__TASK PROMPT__: The lines in the listing below are to be given again exactly, starting at the line holding "根据俄罗斯央行官网信息显示,2024年4" and ending at the line holding "25 декабря —". Do not include pictures.

__DATA IN THIS EXERCISE__:
• • • •
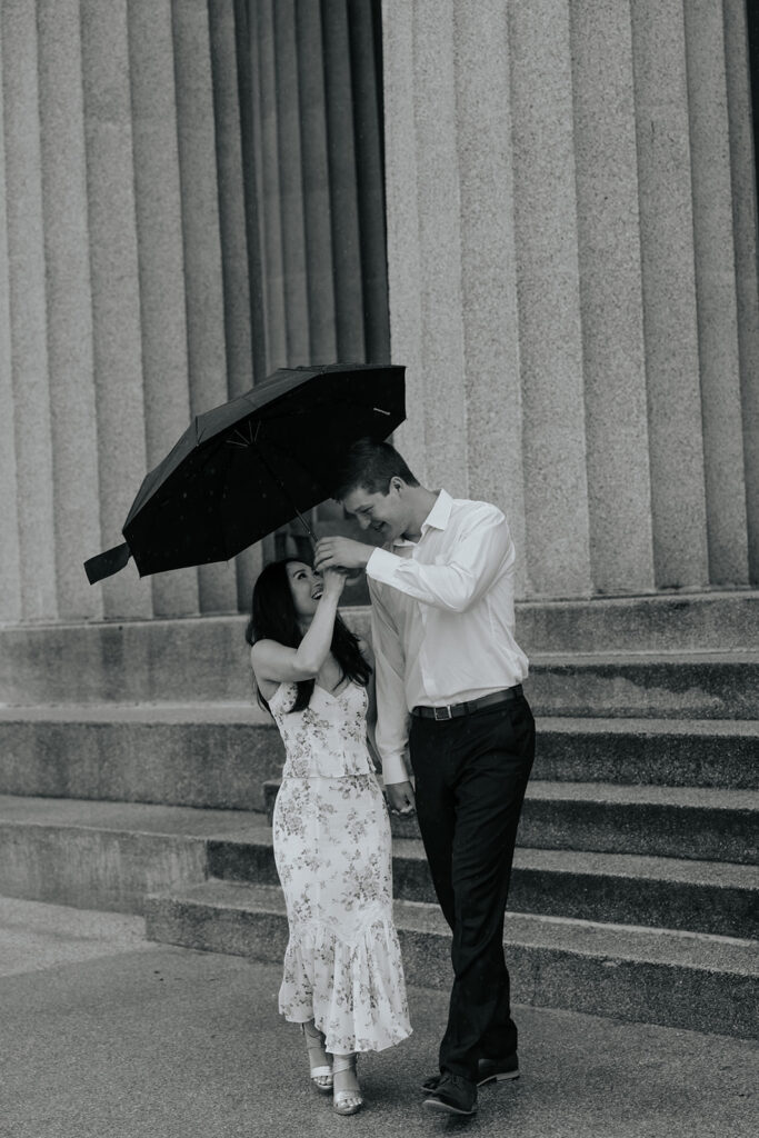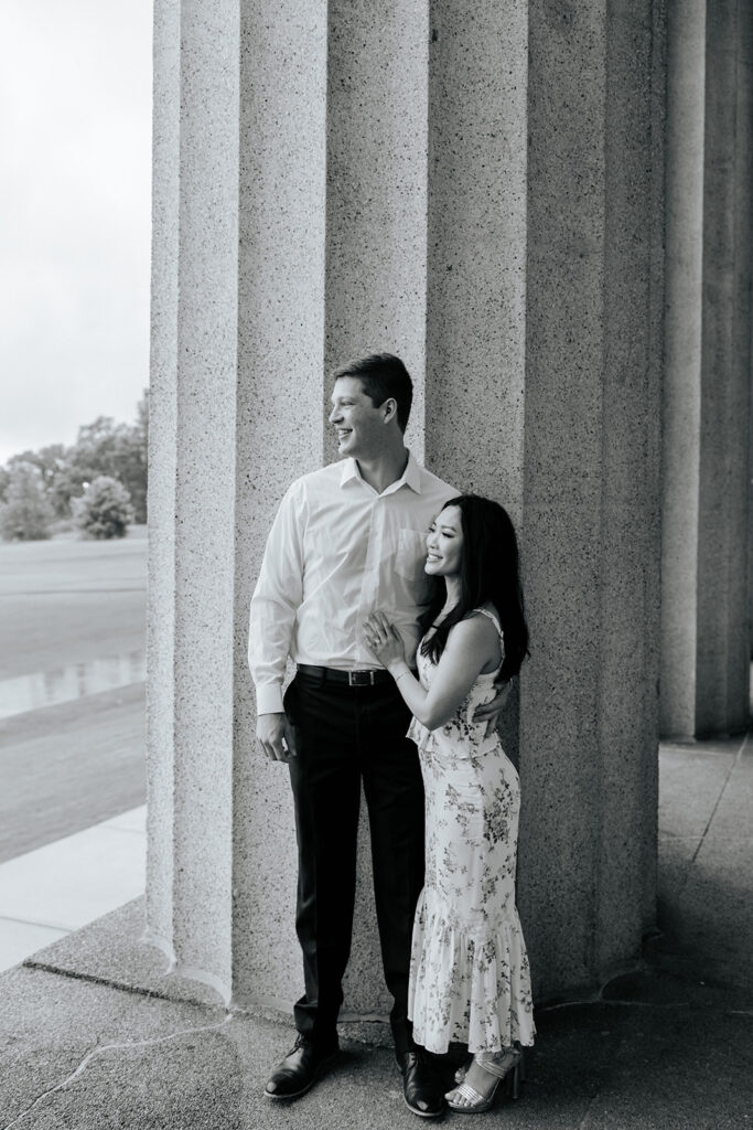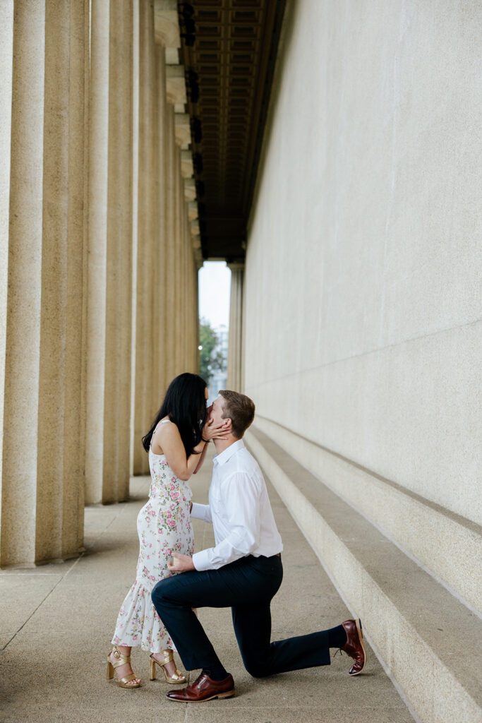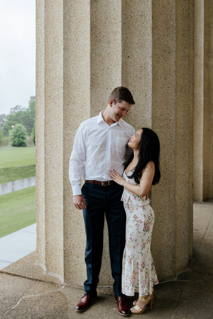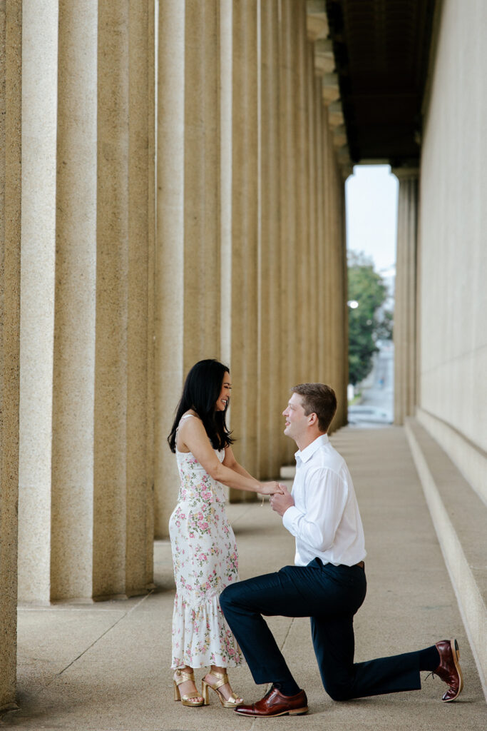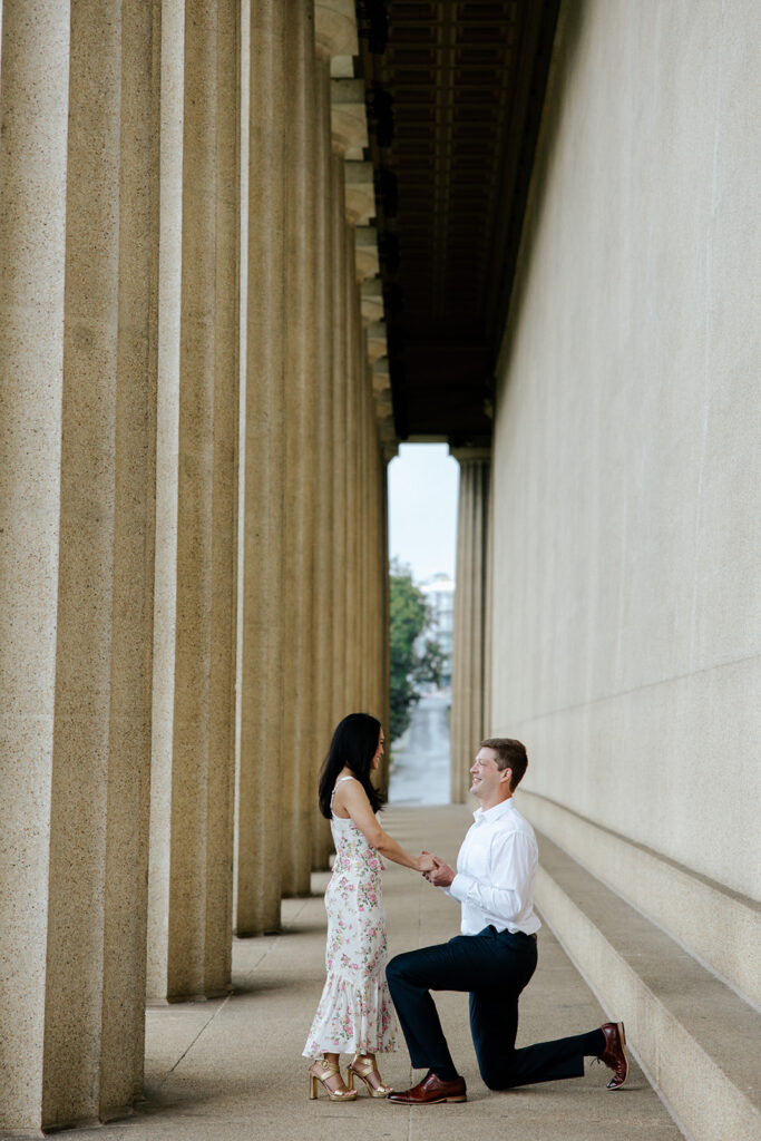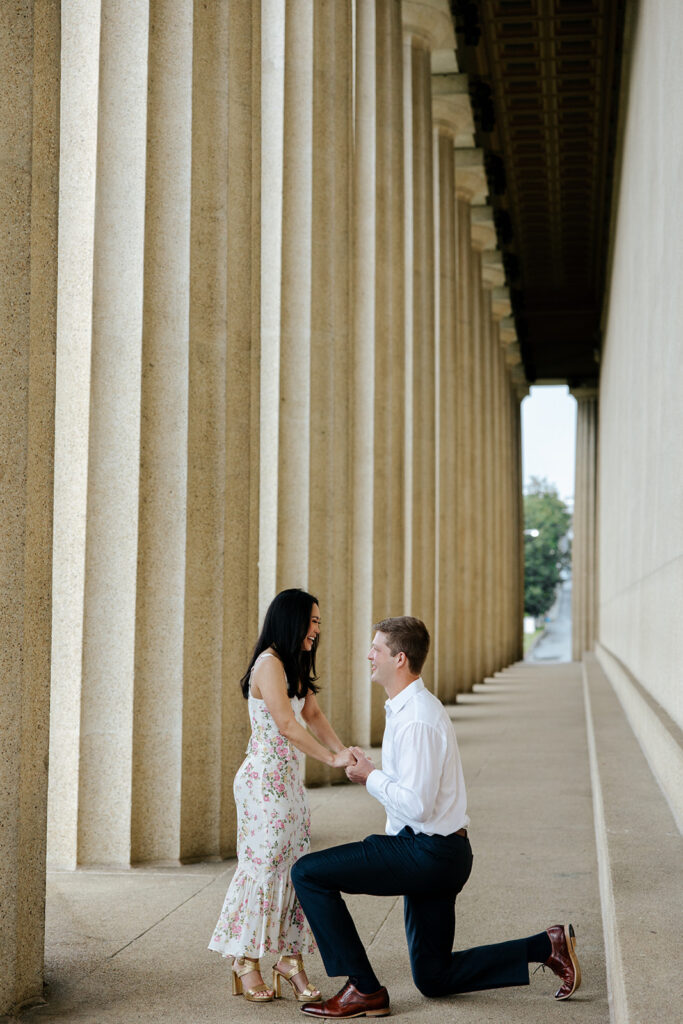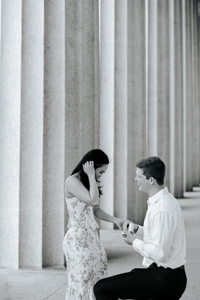 Jacob reached out to me in March about proposing to his then girlfriend, Addison. After discussing various options for locations, we finally settled on Centennial Park. With the classic pillars and potential of rain, these seemed like the perfect spot to get on one knee, especially since it holds sentimental value for these two as well, since they would walk here often.
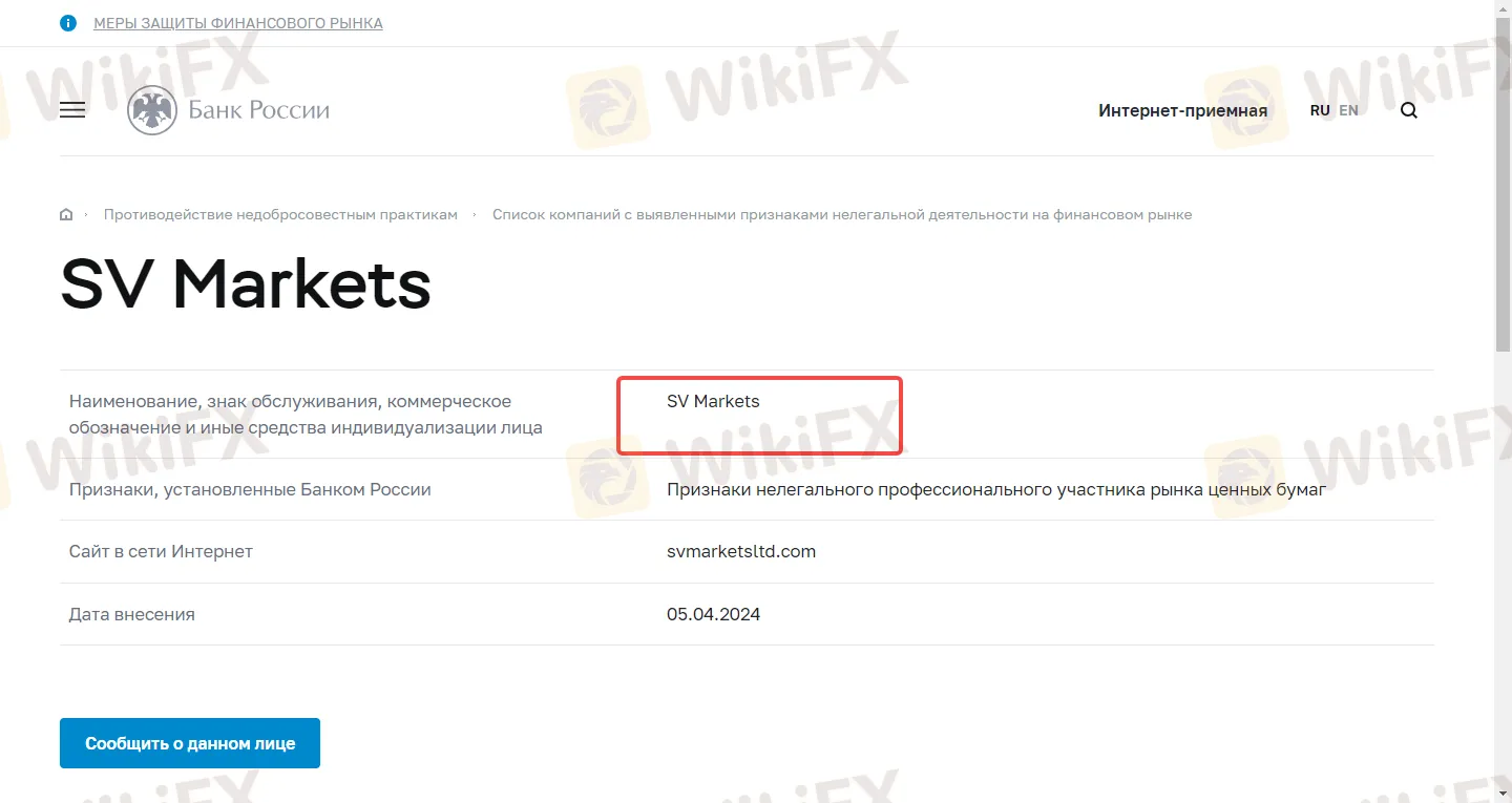 根据俄罗斯央行官网信息显示,2024年4月5日,俄罗斯央行将SV Markets列入该名单,并公布了该公司网址信息:svmarketsltd.com。
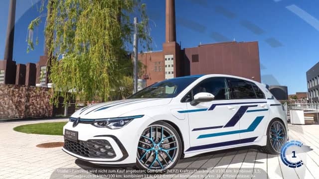 Im Innenraum dominieren blaue Ambientebeleuchtung und ein geschwindigkeitsabhängiges GTE-Hologramm. Der unveränderte Plug-in-Hybrid leistet 245 PS, dafür powert die Soundanlage mit 3.110 Watt. Praktisches Extra: Ein E-Skateboard im Kofferraum für die letzte Meile mit 45 km/h.
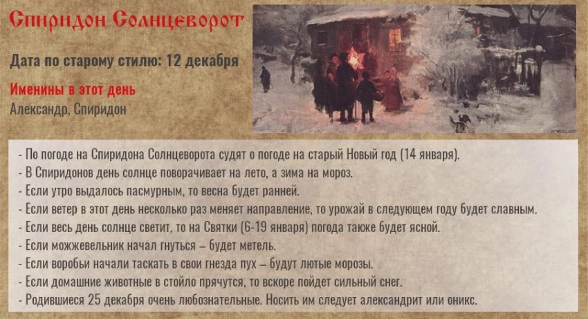 25 декабря — Спиридон Солнцеворот, католическое Рождество
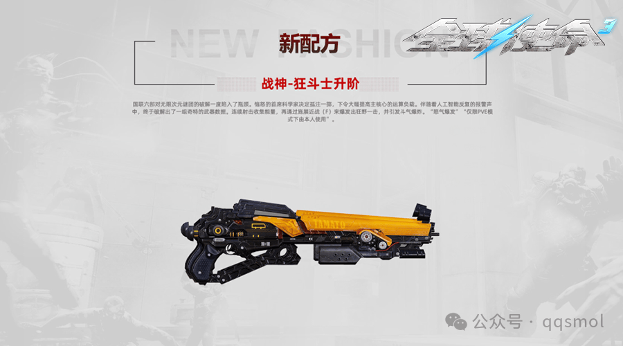 国联六部对无限次元谜团的破解一度陷入了瓶颈。恼怒的首席科学家决定孤注一掷,下令大幅提高主核心的运算负载。伴随着人工智能反复的报警声中,终于破解出了一组奇特的武器数据。连续射击收集能量,再通过施展近战(F)来爆发出狂野一击,并引发斗气爆炸。升级为橙色品质的战神-狂斗士,综合枪械数值达到了44643F.P.拿着这把升阶的战神-狂斗士进行绝地反击,是当之无愧的“救命”神器!
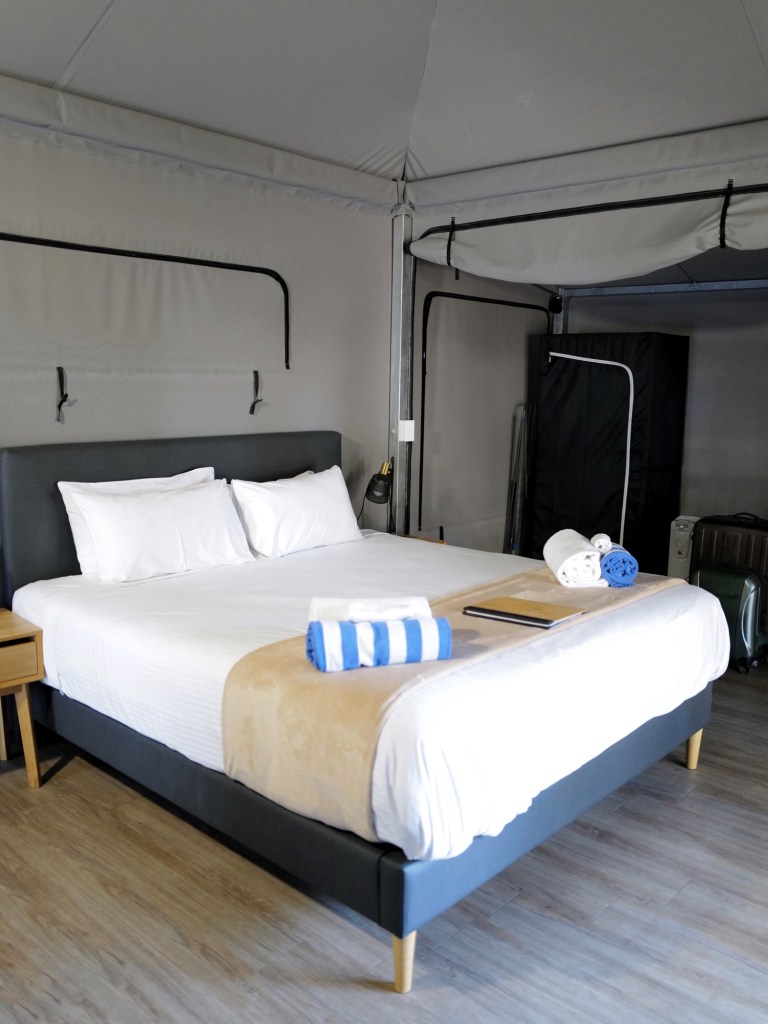 因為是旺季,我們訂房時只剩下這個露營區有房間;透過booking.com預訂,屬於Glamping那種房間有浴廁、床鋪的高級帳篷,附早餐
• • • •
__RESPONSE TO THIS EXERCISE__:
 根据俄罗斯央行官网信息显示,2024年4月5日,俄罗斯央行将SV Markets列入该名单,并公布了该公司网址信息:svmarketsltd.com。
 Im Innenraum dominieren blaue Ambientebeleuchtung und ein geschwindigkeitsabhängiges GTE-Hologramm. Der unveränderte Plug-in-Hybrid leistet 245 PS, dafür powert die Soundanlage mit 3.110 Watt. Praktisches Extra: Ein E-Skateboard im Kofferraum für die letzte Meile mit 45 km/h.
 25 декабря — Спиридон Солнцеворот, католическое Рождество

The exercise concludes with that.